• GOAL OF THE EXERCISE:
Repeat, word for word and with nothing added, each line from the one containing "This paper uses" to the final line of the data, keeping both ends. Pictures are not part of the copy.

• PROVIDED MATERIAL:
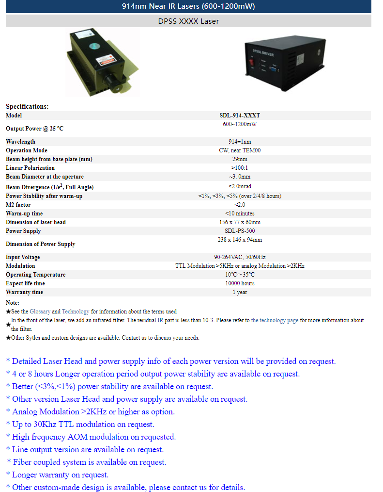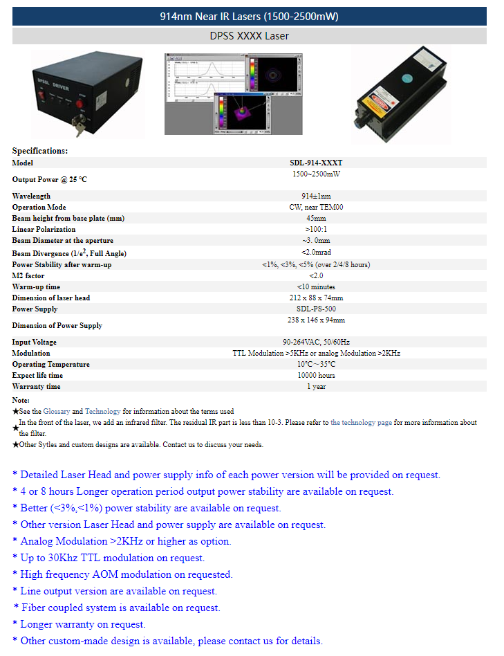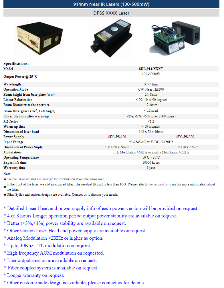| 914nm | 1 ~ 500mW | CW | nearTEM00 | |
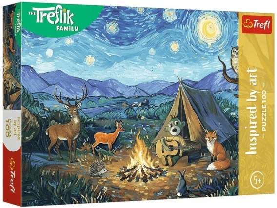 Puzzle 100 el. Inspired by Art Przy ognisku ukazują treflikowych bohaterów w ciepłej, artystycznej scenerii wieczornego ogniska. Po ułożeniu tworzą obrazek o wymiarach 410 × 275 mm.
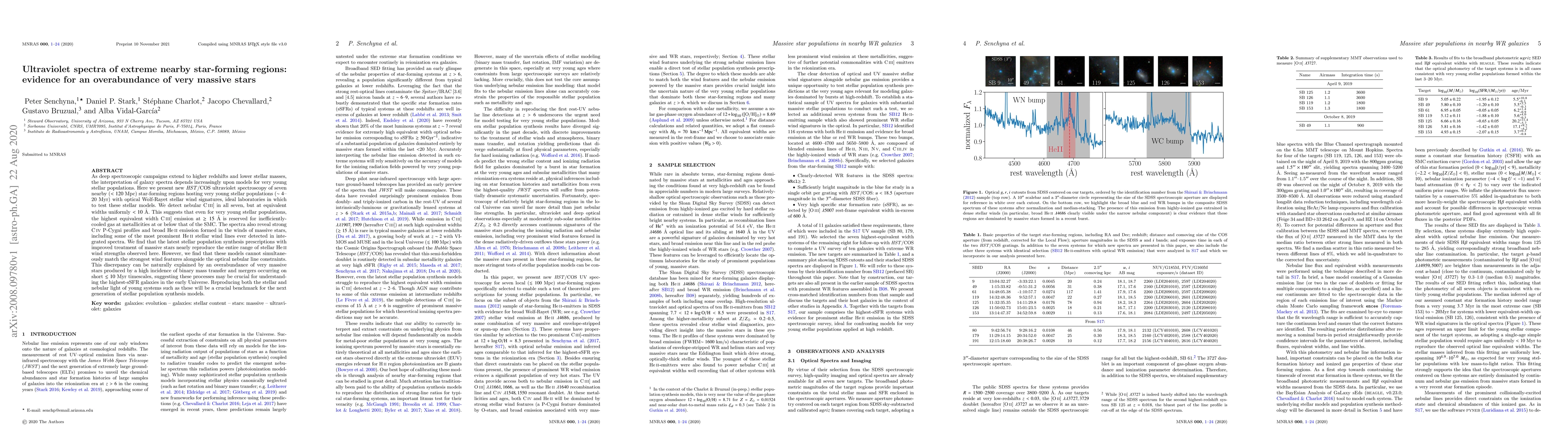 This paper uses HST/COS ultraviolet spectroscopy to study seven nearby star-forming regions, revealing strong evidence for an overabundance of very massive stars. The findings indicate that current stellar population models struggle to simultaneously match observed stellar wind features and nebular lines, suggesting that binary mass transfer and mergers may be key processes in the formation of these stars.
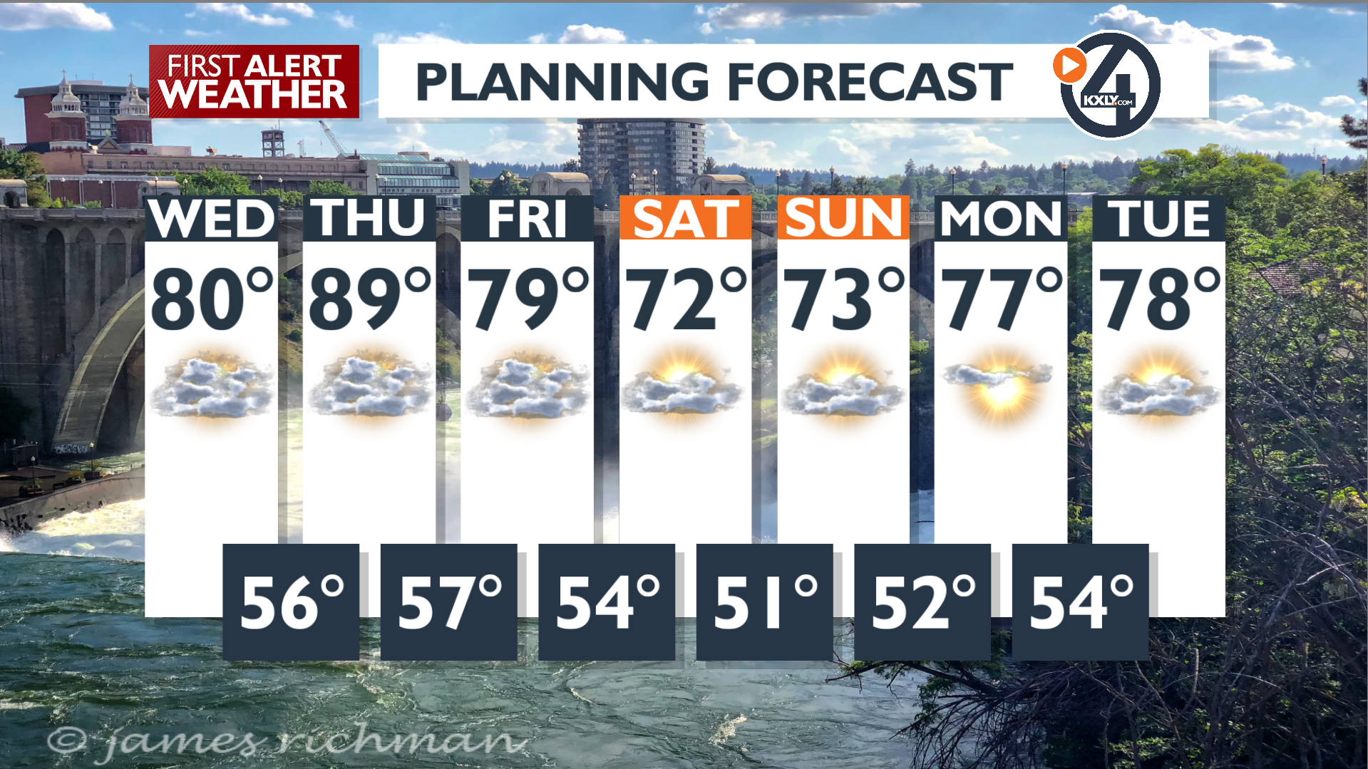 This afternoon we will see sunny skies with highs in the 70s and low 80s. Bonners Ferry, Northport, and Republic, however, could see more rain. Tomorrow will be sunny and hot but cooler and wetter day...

• SOLUTION FOR THIS EXERCISE:
 This paper uses HST/COS ultraviolet spectroscopy to study seven nearby star-forming regions, revealing strong evidence for an overabundance of very massive stars. The findings indicate that current stellar population models struggle to simultaneously match observed stellar wind features and nebular lines, suggesting that binary mass transfer and mergers may be key processes in the formation of these stars.
 This afternoon we will see sunny skies with highs in the 70s and low 80s. Bonners Ferry, Northport, and Republic, however, could see more rain. Tomorrow will be sunny and hot but cooler and wetter day...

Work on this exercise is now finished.